I would not go that far. You cannot really fail when you speculate and build theoretical models. They are all useful. Maybe only 1 theory in 100 will produce any real progress but that is still progressive evolution. If we carry on making such progress for a few more 1000 years then at the very least we will have ruled out a lot of junk. What we are left with will become ever more refined and meaningful and leave us with better questions. I do not see that as failure.

tao


d00de.... dun take everything I say so seriously

it was a joke...

ReLaX
 
Now whatever gave you the impression I take you seriously? ;)

tao

hmmm well lets see... Your long winded replies to my non-serious comments (which were never addressing you to begin with, btw) maybe? ... No wonder you missed the sarcasm in Farhan's post on the other thread as well ... and then you ended up typing this whole spiel about how he was a maniac... LOL. That wuz klassic

but seriously dude... just... chill. relax... have a cup of green tea and try some breathing exercises or something.
 
hmmm well lets see... Your long winded replies to my non-serious comments (which were never addressing you to begin with, btw) maybe? ... No wonder you missed the sarcasm in Farhan's post on the other thread as well ... and then you ended up typing this whole spiel about how he was a maniac... LOL. That wuz klassic

but seriously dude... just... chill. relax... have a cup of green tea and try some breathing exercises or something.
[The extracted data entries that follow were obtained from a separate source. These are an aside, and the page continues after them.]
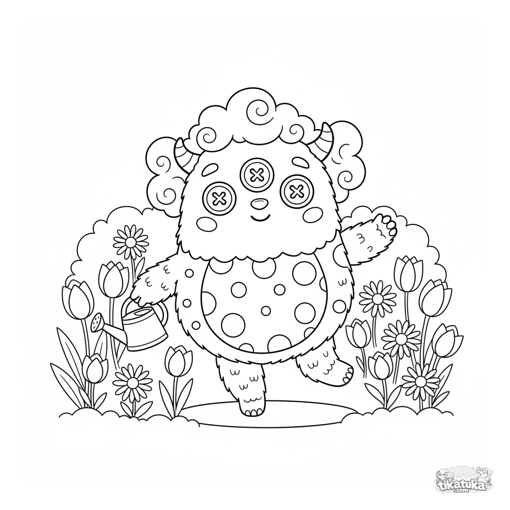 Ausmalbild für Kinder 4-6: Ein flauschiges Monster mit drei Augen tanzt fröhlich mit einer Gießkanne im Blumengarten.
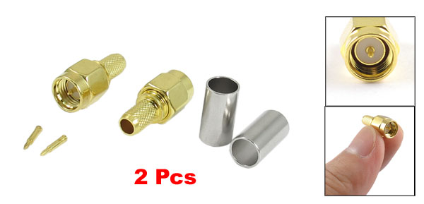 Straight SMA Male Plug Center Crimp RF Connector Adapter 2 Pcs
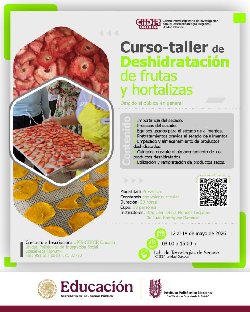 Para más información y registro ingresa a: https://www.ciidiroaxaca.ipn.mx/eventos/curso-taller-deshidratacion-de-frutas-y-hortalizas.html
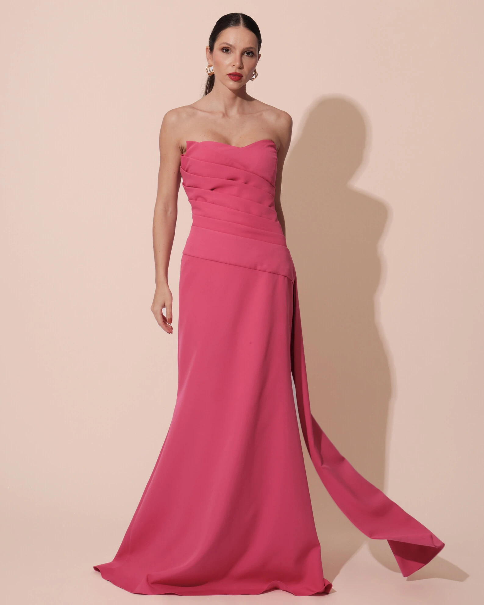 VESTIDO DE FESTA LONGO ALFAIATARIA TOMARA QUE CAIA DRAPEADO FAIXA - Este modelo longo traz um visual elegante e moderno, com busto estruturado tomara que caia, drapeados que valorizam a silhueta e um faixa integrado à cintura que adiciona movimento e charme ao look; ele combina perfeitamente com acessórios metalizados como brincos alongados, pulseiras delicadas ou uma clutch sofisticada, além de sandálias de salto fino para completar a produção. Ideal para casamentos, formaturas, eventos noturnos ou celebrações especiais que pedem um toque de glamour sem exageros.

Perhaps it is you who takes me too seriously ;)

As for Farhan, I have encountered his posts for far longer than you have been around and he has often displayed sympathy with suicide bombers and Islamic extremists in general. You may have seen his post as humour but to me it fits the typical pattern of his barely disguised sympathies.

tao
 
As for Farhan, I have encountered his posts for far longer than you have been around and he has often displayed sympathy with suicide bombers and Islamic extremists in general.


(lol) yea... forgive me if I choose not to take your word for it.


You may have seen his post as humour but to me it fits the typical pattern of his barely disguised sympathies.

again with the paranoia... i'm tellin you dude, Green Tea... it works.